The Blue Bure Bar and Restaurant at the Radisson Blu is a solid, reliably good hotel restaurant that is more relaxed in its atmosphere than Indigo while still offering quality-controlled food and professional service. The menu covers Pacific-international territory — fresh fish, grilled meats, sharing plates, pasta — with cocktails that are well above the average for the area. Expect FJD $50–80 per person for dinner with drinks. The outdoor seating has a pleasant aspect over the resort grounds and pool area; the indoor dining room is comfortable and air-conditioned. It is the right choice for a dinner that wants to be good but not formal — a step up from the hotel buffet without the occasion-pressure that comes with a fine dining reservation. Non-resort guests are welcome; it is worth confirming this when you book.

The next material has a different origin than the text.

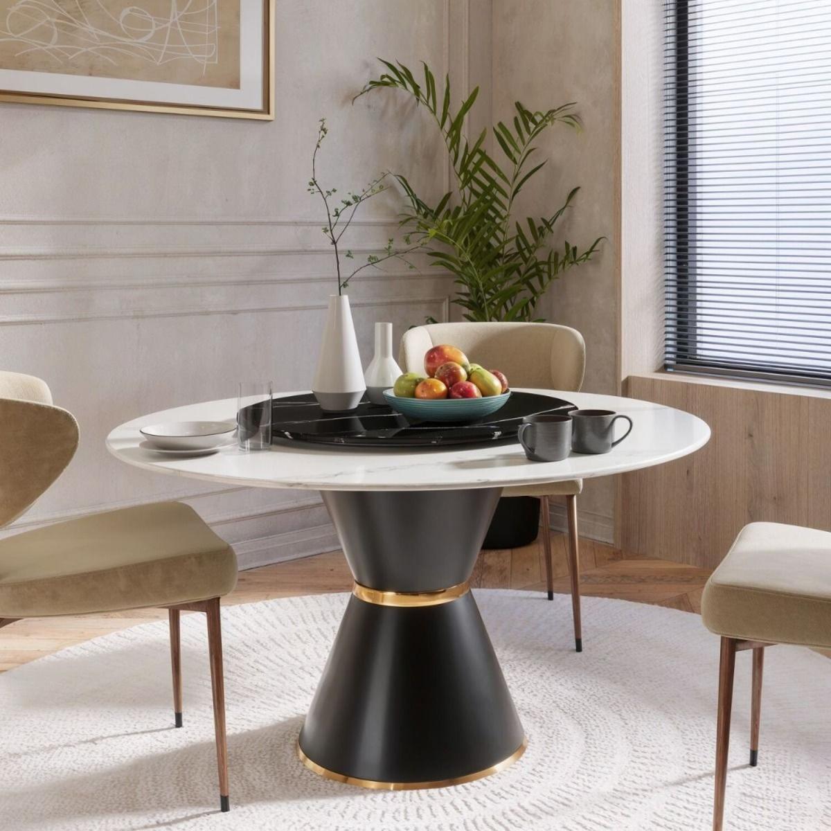 The exquisite Caceres round stone dining table, where cutting-edge design meets luxurious functionality. Crafted to perfection, this masterpiece boasts a solid sintered stone top that exudes sophistication while offering unparalleled durability. The non-porous surface ensures that your table remains hygienically pristine and effortlessly easy to clean, while its UV resistance guarantees a lifetime of vibrant elegance without the threat of discoloration. At its heart, a convenient black sintered stone turntable enhances both style and utility. Anchored upon a stunning black carbon steel base, accentuated by opulent gold rings, this table is not merely a piece of furniture, but an artful centrepiece for your home.

First Landing Resort at Vuda Point sits approximately 15 minutes north of Denarau in the direction of Lautoka — close enough to be a realistic option for a dinner out, but far enough that you will need a taxi. It is worth it. The beachfront restaurant at First Landing is one of the most genuinely pleasant places to eat near Nadi: a proper beach setting with direct water frontage, excellent sunset views facing west, and a fresh seafood menu that benefits from proximity to local fishing operations. Mains run FJD $50–80 per person. The atmosphere is more relaxed and less resort-polished than Indigo or Navo, which is part of its appeal. It is where Nadi residents take visiting friends and family for a special dinner when they want a scenic waterfront meal without paying Denarau prices. Budget FJD $20–25 each way for a taxi from Denarau.
A practical note on Denarau dining: most of the resort-attached restaurants across Denarau Island offer variations on the same Pacific-international menu at similar prices. If you are staying in one of the Denarau resorts and want variety beyond your hotel restaurant, the Port Denarau Marina precinct is the most practical concentration of different options in one walkable area — Ports O’ Call, Hard Rock Café, Fat Fish, and several smaller operations all sit within a short walk of each other at the marina.
Best Breakfast and Coffee in Nadi
Chilli Tree Café in Nadi Town is the best answer to the question of where to get a proper coffee in greater Nadi. The espresso is consistently made, the breakfast menu is good, and the atmosphere is comfortable enough to linger in. For visitors staying in Denarau who want a morning off the resort, the ten-minute taxi ride to Chilli Tree and back is a worthwhile interruption to the buffet routine.
Most Denarau resort hotels serve substantial breakfast buffets that are, in fairness, excellent value for what they include: hot and cold dishes, fresh tropical fruit, eggs cooked to order, and usually a decent coffee station. If you are already staying on Denarau, the resort breakfast is the most convenient option and not a bad one. The main limitation is variety — if you are staying for more than a few days, the same buffet every morning loses its appeal.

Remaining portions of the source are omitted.